The Inverse Dynamic: From AI Warfare to Surveillance Everyday Life (50:18–54:42)
- Greg Foley brings in the lesson of Israel’s “Lavender” AI program in Gaza: AI is mainly used to speed up target approval, lower oversight, and shift liability for civilian harm onto “the machine.”
- "From what I could see, the real purpose of the system was to generate thousands of targets that could all be signed off in a few seconds with as little human oversight as possible." – Greg Foley (50:18)
- The hosts agree: the real 'utility' of these systems is not accuracy but producing 'credibility' for power to act, whatever the social or human cost.
Closing Reflections & Recs (54:54–57:53)
- Greg Foley plugs Bloodwork, his podcast on the philosophy and history of violence, inviting listeners for collaborations on episodes covering cinema and theory (e.g., Michael Mann’s Heat, Schrader’s “Man in a Room” trilogy, or Tenet).

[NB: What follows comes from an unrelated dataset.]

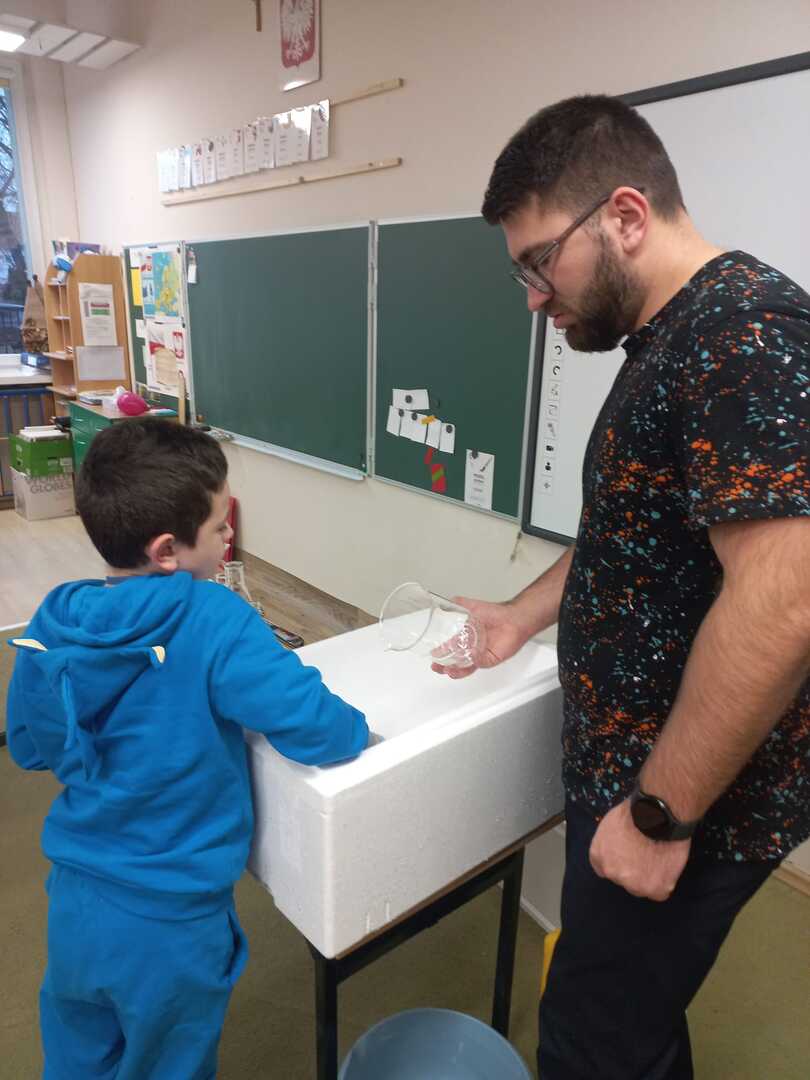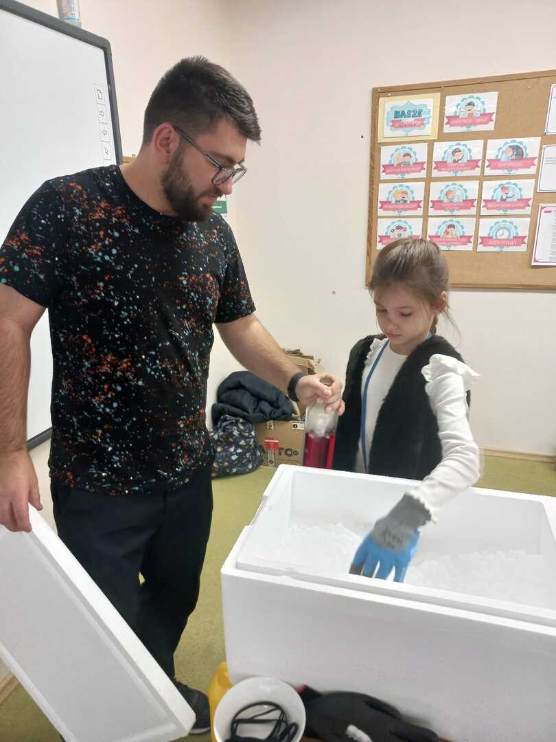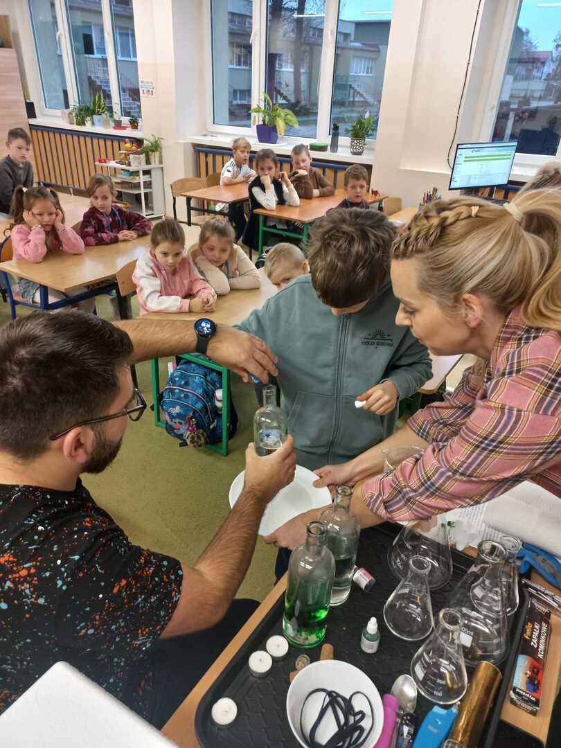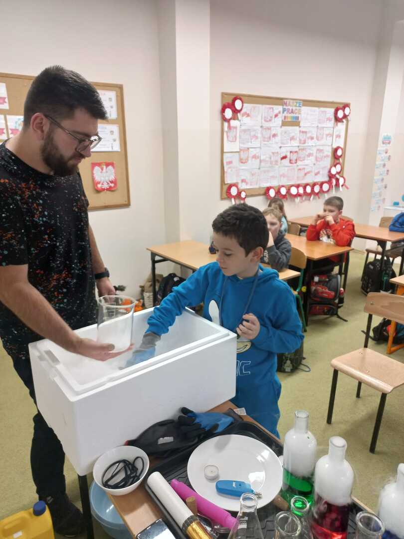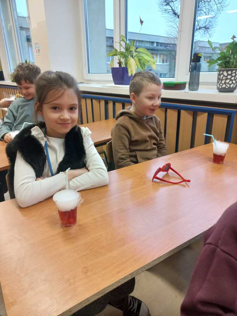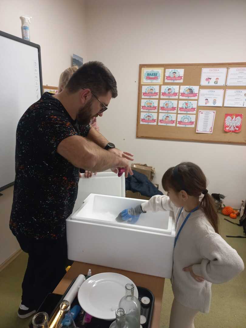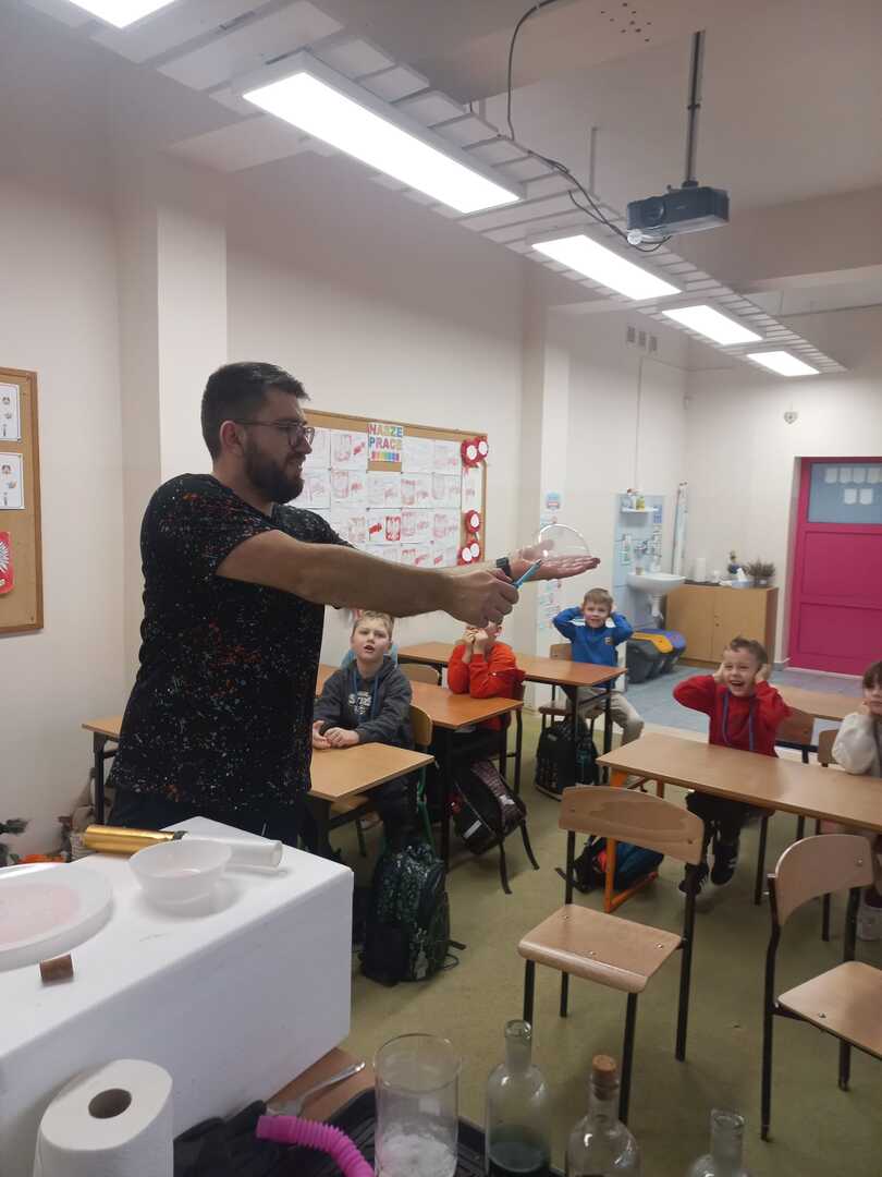 Klasa 1a uczestniczyła w magicznych warsztatach w wykorzystaniem suchego lodu. Dzieci poznały jego właściwości poprzez zabawę. Z uwagą i zainteresowaniem obserwowali kolejne eksperymenty. Największą ekscytację wzbudził ogień :) Na zakończenie wszyscy pili sok z magicznym dymem. Uczestnicy podsumowali zajęcia jednym zdaniem ,,byliśmy w chmurach”.

- "For me, the podcast is the juice." – Hussain (55:51)
- Discussion meanders into movie fandom and the obtuse pleasures of Christopher Nolan’s logic.
Notable Quotes & Memorable Moments
- "It's a future so close, I can taste it. I can smell it." – Greg Foley, on a sea of Columbos, (42:07)
- "Heroes deserve the most AI." – Greg Foley, mocking corporate slogans (47:17)
- "Mom says it's my turn on the surveillance machine." – Hussain, on the 'brotherly' founders (46:24)
- "The real utility of these systems is their ability to produce justifications for violence, not accuracy or truth." – (Summarized from Greg Foley’s remarks, 51:35–52:47)
Overall Tone
Irreverent, incisively skeptical, and laced with dark humor, the episode bounces between mockery and serious worry about technological overreach in policing and policy. The hosts’ energetic banter merges with Greg Foley’s philosophical edge, maintaining the show’s trademark blend of the absurd and the analytical.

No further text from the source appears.